#### [EXERCISE AIM]
Repeat each line of the material below exactly as it appears, minus any pictures.

#### [TASK DATA]
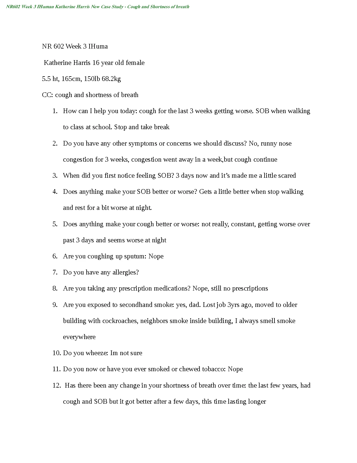 NR 602 Week 3 IHuman Case Study: Katherine Harris - Cough and Shortness of Breath (2024/2025 Edition)
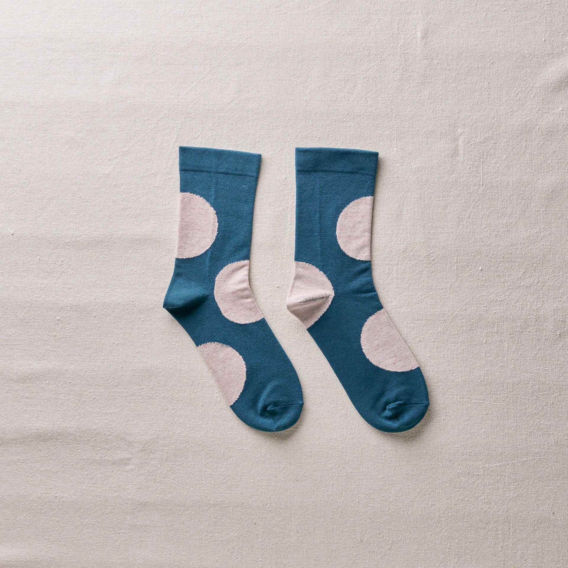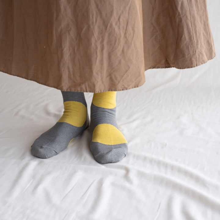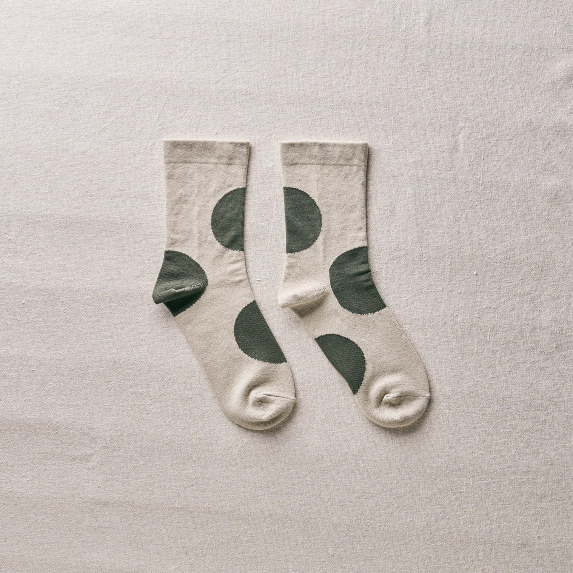 オーガニックコットンで編み立てた大きなドットが印象的なミドルゲージソックス。履き口はゴムなしです。両足の左右それぞれでドットの位置を変えたアシンメトリー柄なのでいろいろな角度からドットを楽しめます。
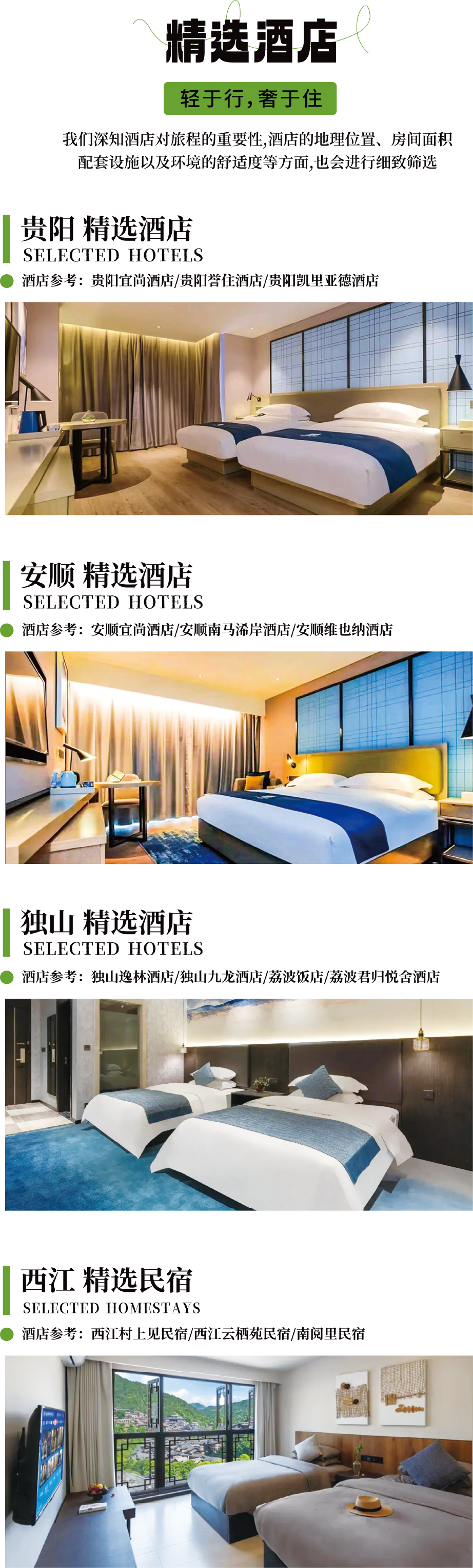 其他:费用包含所未提及的任何形式消费(如:黄果树景区扶梯索道、小七孔鸳鸯湖划船、西江苗寨商业演出、青岩古镇景交车以及古镇内小景点等可自由选择消费项目)
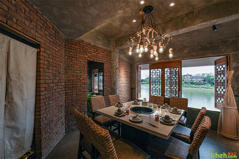 本項目位于大千故里甜城內(nèi)江,主體是一棟兩層的仿古建筑,室內(nèi)空間300平米是室外100平米院子,建筑本身于沱江相依,二層的窗洞如同一個一個的畫框?qū)拿谰氨霊阎小?
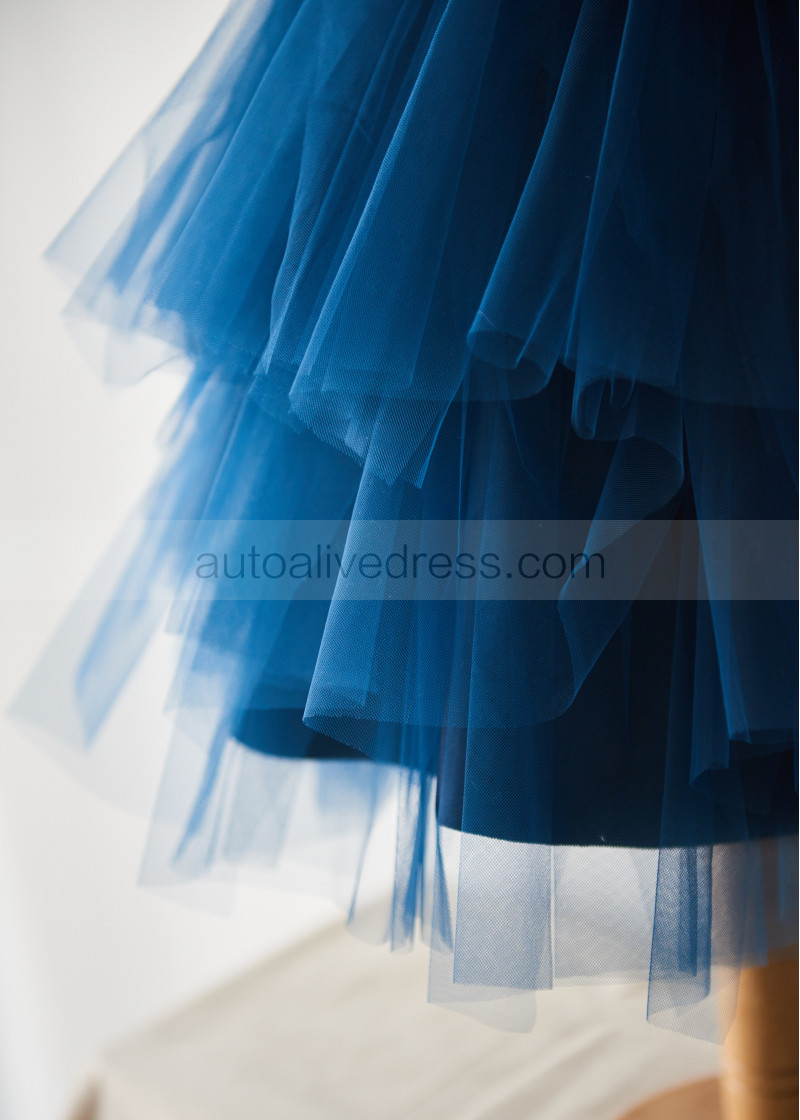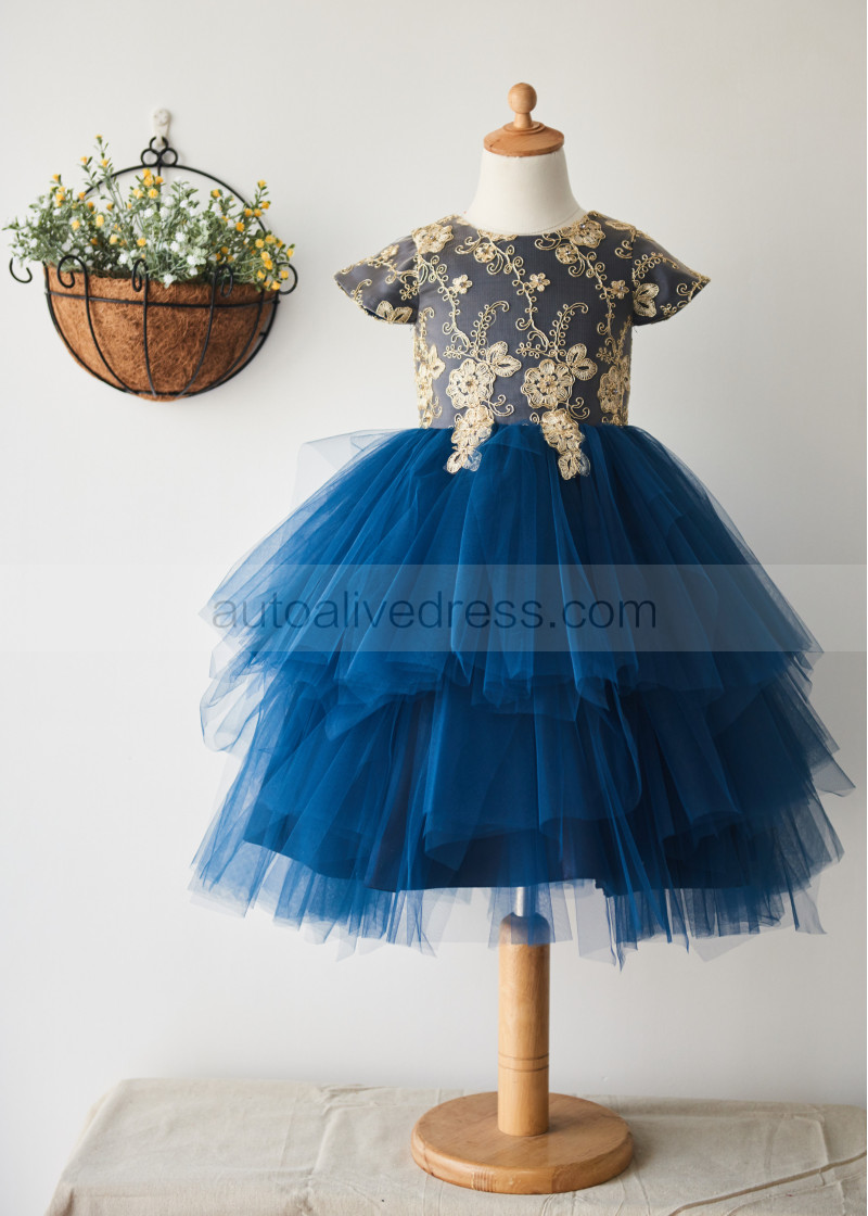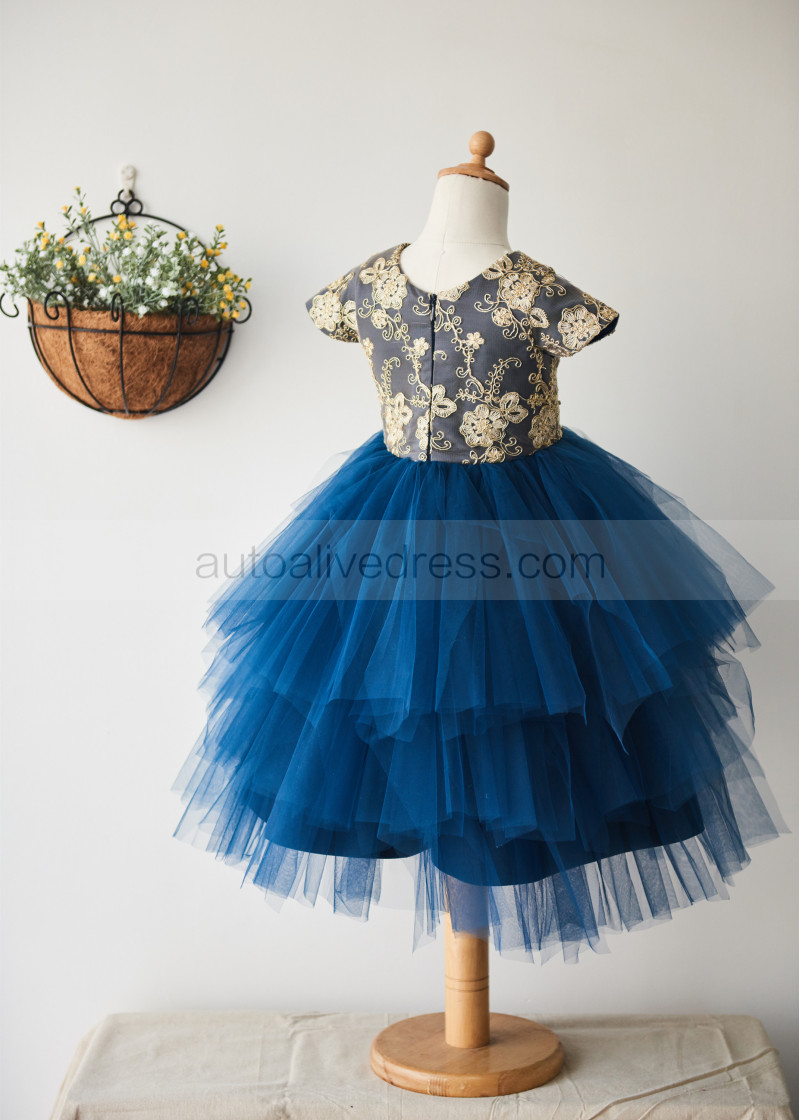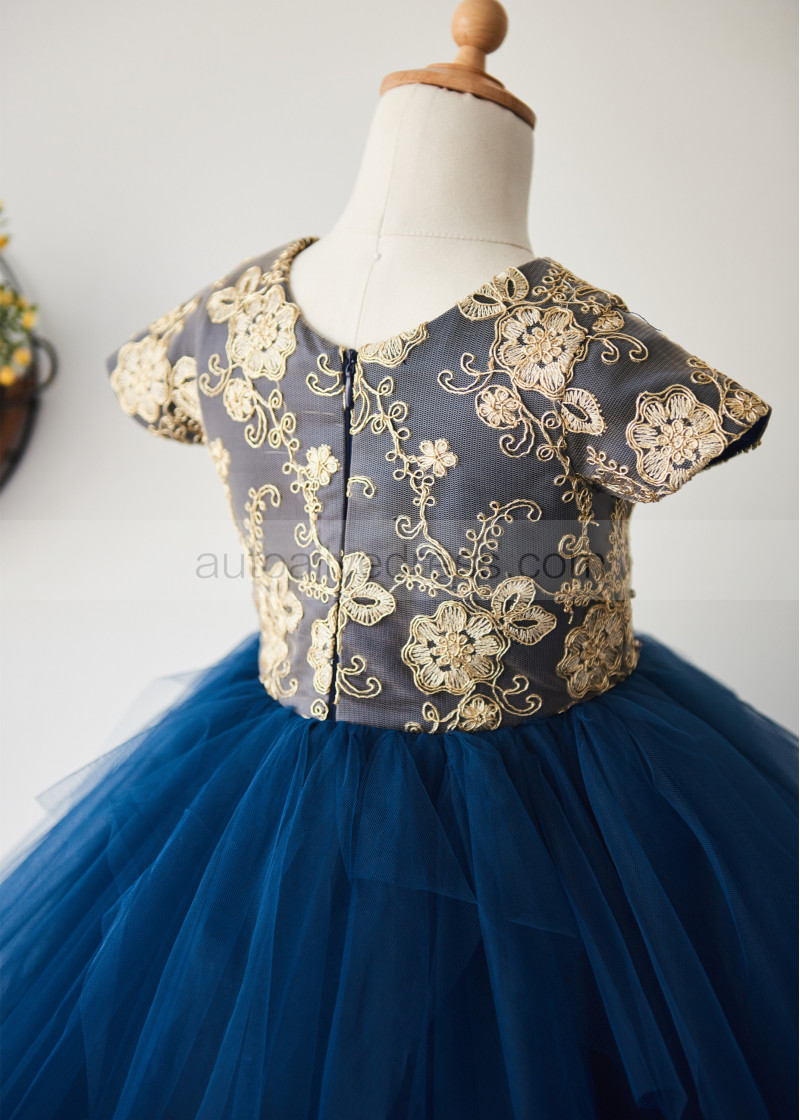 Cap Sleeves Gold Lace Navy Blue Tulle Tea Length Flower Girl Dress

#### [WRITTEN ANSWER]
 NR 602 Week 3 IHuman Case Study: Katherine Harris - Cough and Shortness of Breath (2024/2025 Edition)
 オーガニックコットンで編み立てた大きなドットが印象的なミドルゲージソックス。履き口はゴムなしです。両足の左右それぞれでドットの位置を変えたアシンメトリー柄なのでいろいろな角度からドットを楽しめます。
 其他:费用包含所未提及的任何形式消费(如:黄果树景区扶梯索道、小七孔鸳鸯湖划船、西江苗寨商业演出、青岩古镇景交车以及古镇内小景点等可自由选择消费项目)
 本項目位于大千故里甜城內(nèi)江,主體是一棟兩層的仿古建筑,室內(nèi)空間300平米是室外100平米院子,建筑本身于沱江相依,二層的窗洞如同一個一個的畫框?qū)拿谰氨霊阎小?
 Cap Sleeves Gold Lace Navy Blue Tulle Tea Length Flower Girl Dress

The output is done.